[Task material Boundary: Start]

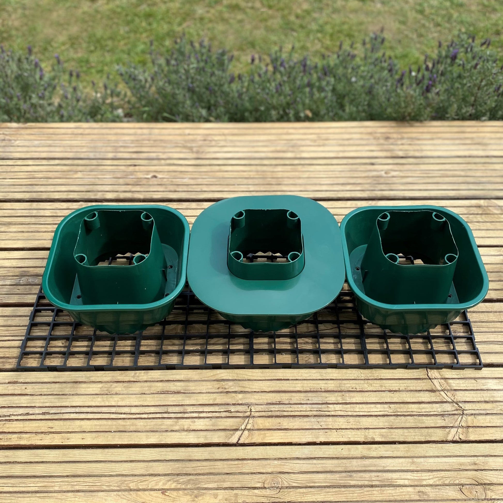 An ingenious yet simple design, the growbag pot has a serrated base that cuts neatly into the bag of compost, with three pots fitting the standard bag comfortably. The pots have an outer trough that holds four pints of water or feed which then gradually seeps into the compost taking a constant supply directly to the plant root where it is needed most. The plant is sited in the inner pot, which is then filled up with extra compost to encourage more vigorous and healthy root growth and subsequent higher yields.
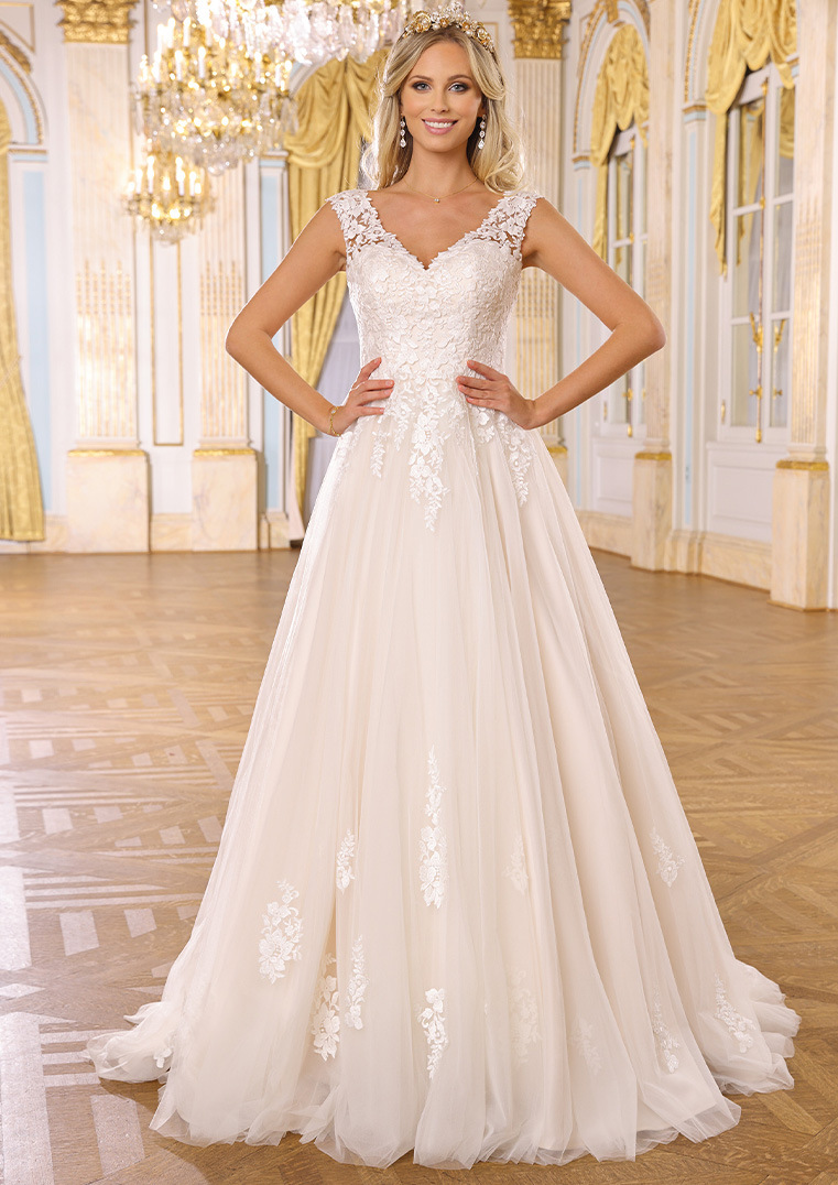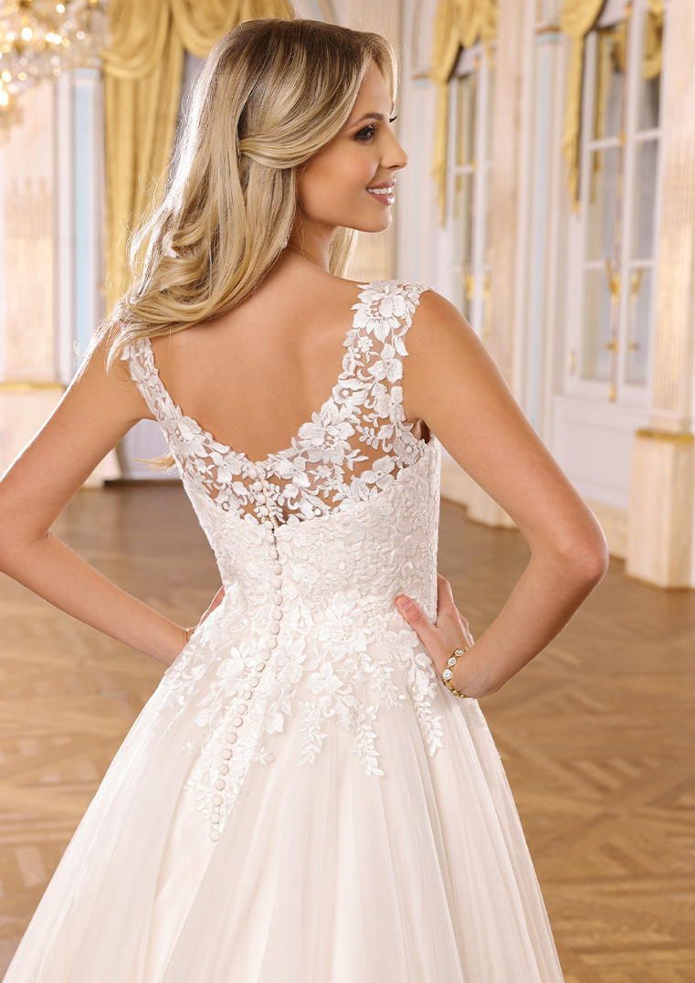 Stijlvol en klassiek, deze jurk van Ladybird is een A-lijn trouwjurk. De rok is gemaakt van tule in combinatie met kanten applicaties. Een hoge rug met knoopjes en een V-halslijn zorgen voor de perfecte combinatie voor jouw trouwjurk!
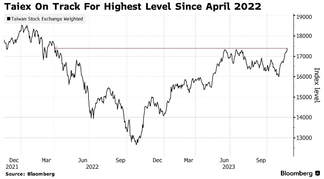 台湾股市11月恢复上涨,全球科技股因押注美联储即将结束紧缩货币政策而受益。
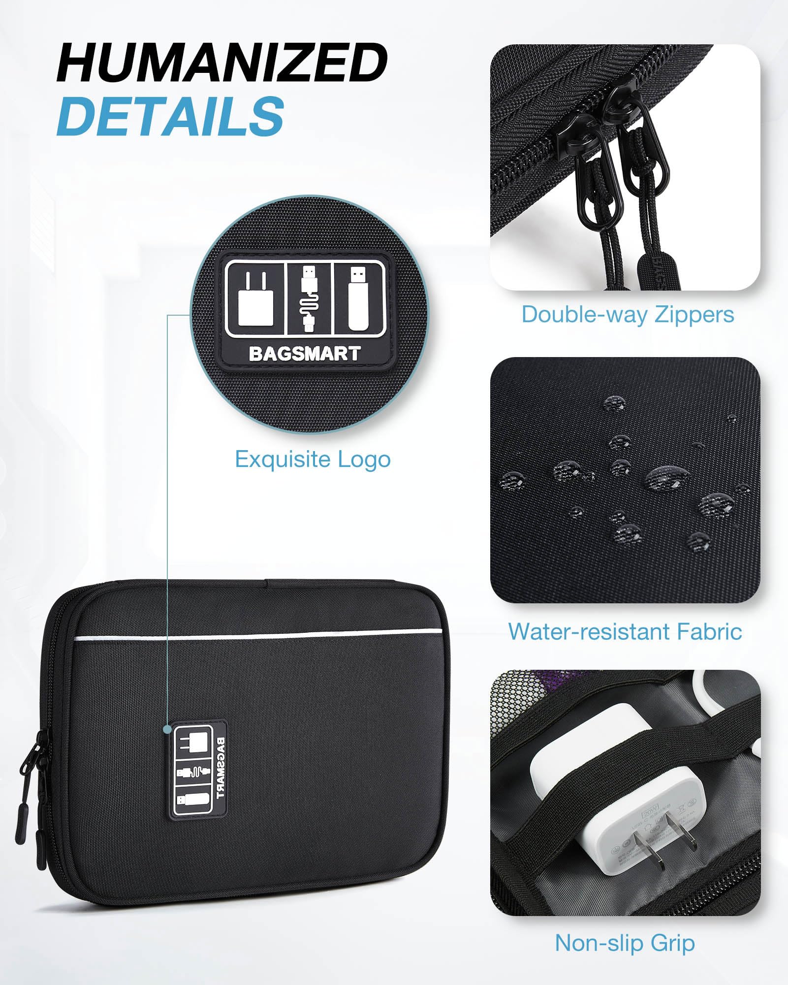 BAGSMART Electronics Travel Organizer Case, Tech Accessories Cord Storage Bag for Phone, Power Bank, SD Card, Cables, Black
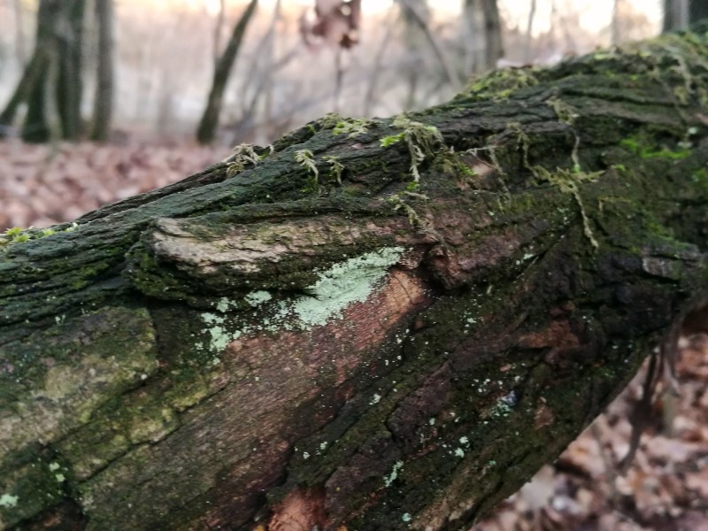 Quello che hai fotografato è proprio un lichene. In particolare è un lichene con forma di crescita leprosa ovvero con un tallo granulare o polveroso. Per quanto riguarda la sua identificazione dovrebbe essere una Lepraria ma senza ulteriori analisi chimiche non credo si possa andare oltre il genere.

[Task material Boundary: End]

◆ Task statement
Repeat, exactly and in full, every entry in the data, but not the pictures.

◆ Solution to the problem
 An ingenious yet simple design, the growbag pot has a serrated base that cuts neatly into the bag of compost, with three pots fitting the standard bag comfortably. The pots have an outer trough that holds four pints of water or feed which then gradually seeps into the compost taking a constant supply directly to the plant root where it is needed most. The plant is sited in the inner pot, which is then filled up with extra compost to encourage more vigorous and healthy root growth and subsequent higher yields.
 Stijlvol en klassiek, deze jurk van Ladybird is een A-lijn trouwjurk. De rok is gemaakt van tule in combinatie met kanten applicaties. Een hoge rug met knoopjes en een V-halslijn zorgen voor de perfecte combinatie voor jouw trouwjurk!
 台湾股市11月恢复上涨,全球科技股因押注美联储即将结束紧缩货币政策而受益。
 BAGSMART Electronics Travel Organizer Case, Tech Accessories Cord Storage Bag for Phone, Power Bank, SD Card, Cables, Black
 Quello che hai fotografato è proprio un lichene. In particolare è un lichene con forma di crescita leprosa ovvero con un tallo granulare o polveroso. Per quanto riguarda la sua identificazione dovrebbe essere una Lepraria ma senza ulteriori analisi chimiche non credo si possa andare oltre il genere.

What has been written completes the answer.